Got bored today and made list of places in apt I want to have sex. One includes opening and coming out the window.
If I die, please delete the word file entitled "Rainy Day"
You were in my dream and you got the lyrics to lollipop tattooed on your chest. Don't get it, it wasnt that cool.
she's on the floor slapping my dogs face with slices of pizza
we took shots then she made me eat a dill pickle with cream cheese wrapped in a piece of turkey.

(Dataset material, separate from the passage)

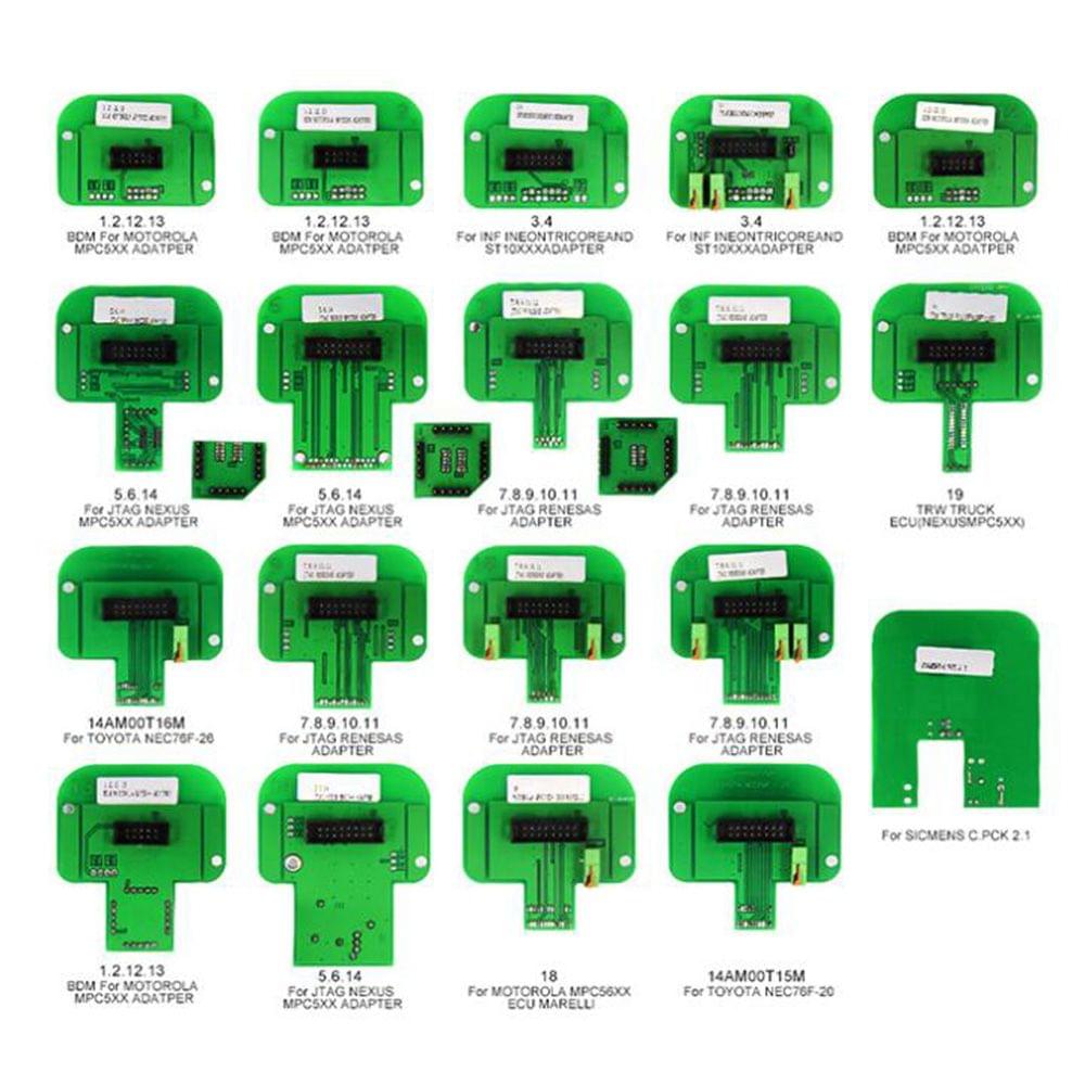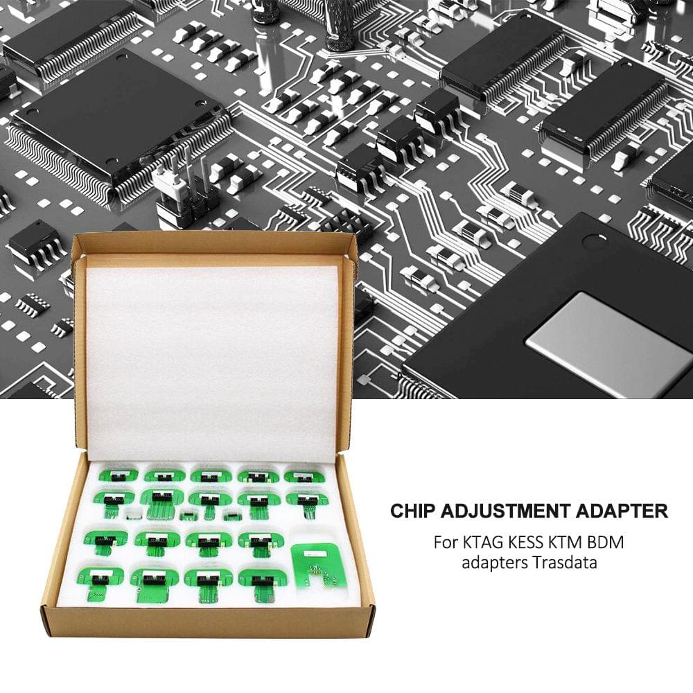 A perfect tool for chip adjustament.Features:Full set of BDM adapters for KESS /Trasdata chiptuning tool.A full set comes with 22 BDM adapters.Equipped with 22 various tools meeting different working demands.Suitable for 60mm width BDM Probe.Specifications:Adapter thickness: 2mmAdapter color: greenPackage size: 230 * 170 * 60mm / 9.06 * 6.69 * 2.36inPackage weight: 550g / 19.40ouncePackage list:22 *Adapters

no, forget the keg and come see this. prego pants here is dunking chicken nuggets into pudding and crying over a cat show on animal planet.
They showed a guy on tv in a Brady jersey and a sweatpants boner when the NE offense took the field. They didn't show his face. I hope that wasn't you.
If the cops knock on your door and ask if you saw anyone throw an orange out the window I was never there.
dude i should have never cleaned my ears out while high. theres no going back.
Ill tap morse code on the ceiling when im ready for you to come down amd smoke
You better be Eskimo Brother-ing the FUCK out of tonight right now. Long distance 'balls deep' high five
Watching him is like watching a star slowly implode
Hit on in the middle of a Wal-Mart McDonald's by a really awkward nerd. There is not enough nope in the world.
wait did i hook up with someone in mcdonalds last night?
i am no longer ashamed when i walk into the dining hall for sunday brunch and i'm greeted with applause for suriving my weekend
He’s basically a sexual superhero. A mild mannered marketing intern by day, but a very horny 22 year old with pornstar stamina at nights!